How Do I Use Fft Function In Matlab To Find The Frequency For A Set Of Data Points?

hi ive been given a set of about 20k data points. i managed to import the data into matlab and did the following,
importdata; fft(importdata);
and it says Undefined function 'fft' for input arguments of type 'cell'. now i understand i need more than this to get it working, can someone please tell me any more parameters i need for the fft and how to implement it?
edit: these datapoints are timestamps of when something is detected in a machine, im trying to find if there is a period of the detection occuring.
anyone have ideas how to trasnform it so i can use matlab fft?

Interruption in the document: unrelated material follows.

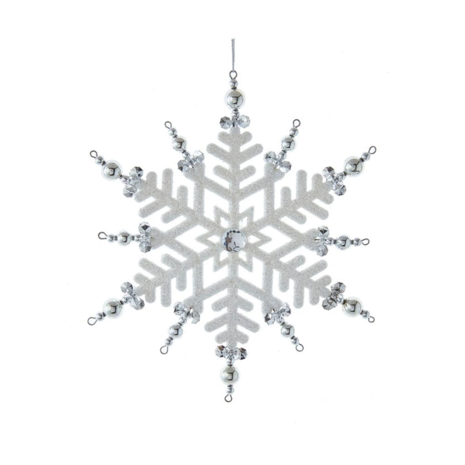 This white glittered snowflake ornament from Kurt Adler is a festive addition to any holiday décor or Christmas tree. It features a clear gemstone center and silver beaded accents.

Imp

 Accepted Answer

If what you have is the times of occurrences, then a fft is inappropriate. - FFTs require regularly sampled data.
I don't know what your "importdata" looks like. You'll need to provide a description.
If what your data looks like is something like a table of
timestamp: event
timestamp: event
Then you can simply calculate the difference between each time stamp. If you then plot the difference in timestamp, you'll probably see several clusters of values. Each cluster is likely to be the period of a regular event - or a multiple of it.

4 Comments

my data looks like these 82473037165339.000000 82473037844594.000000 82473038806939.000000 82473039098883.000000 82473039296216.000000 82473039876576.000000 82473040071373.000000
there might be machine errors in the occurences too. i tried to do what u said in c++ but it was kinda hard and takes rather long due to my poor programming skills. but anyway, does this means i totally cant use fft?
You CAN use FFT, but its harder than doing what I said.
I guess that what you have in "importdata" is a cell array that contains a vector of those values. If I'm right with that guess, then this code should be what you need:
plot(diff(importdata{1}),'x')
What that will give you is a plot, with each time between events plotted as a single x on a chart. I would expect to see a few straight-ish, horizontal lines with fairly regular spacing, and a few points sticking out in the middle of nowhere. If your event happens every second, you'll see one "straight" line with a few outliers where something went slightly skew-whiff. If its multiple straight lines, then its likely to be more complicated, but it could just be that the thing detecting the events misses a few events (like every 7th or something stupid like that)
hi Iain,
i entered that code but nothing happened,pardon me for asking, what does the function diff(importdata{1}) do and what does 'x' refer to?
Thanks alot
importdata{1}, is where I've assumed that a vector of those time stamps is. - I can't see your data so I don't know if it's right.
diff( vector ) simply subtracts the 2nd element from the 1st, the 3rd from the 2nd, etc. and returns a vector of those differences.
plot( vector, 'x') plots each value in the vector, with crosses instead of as a line.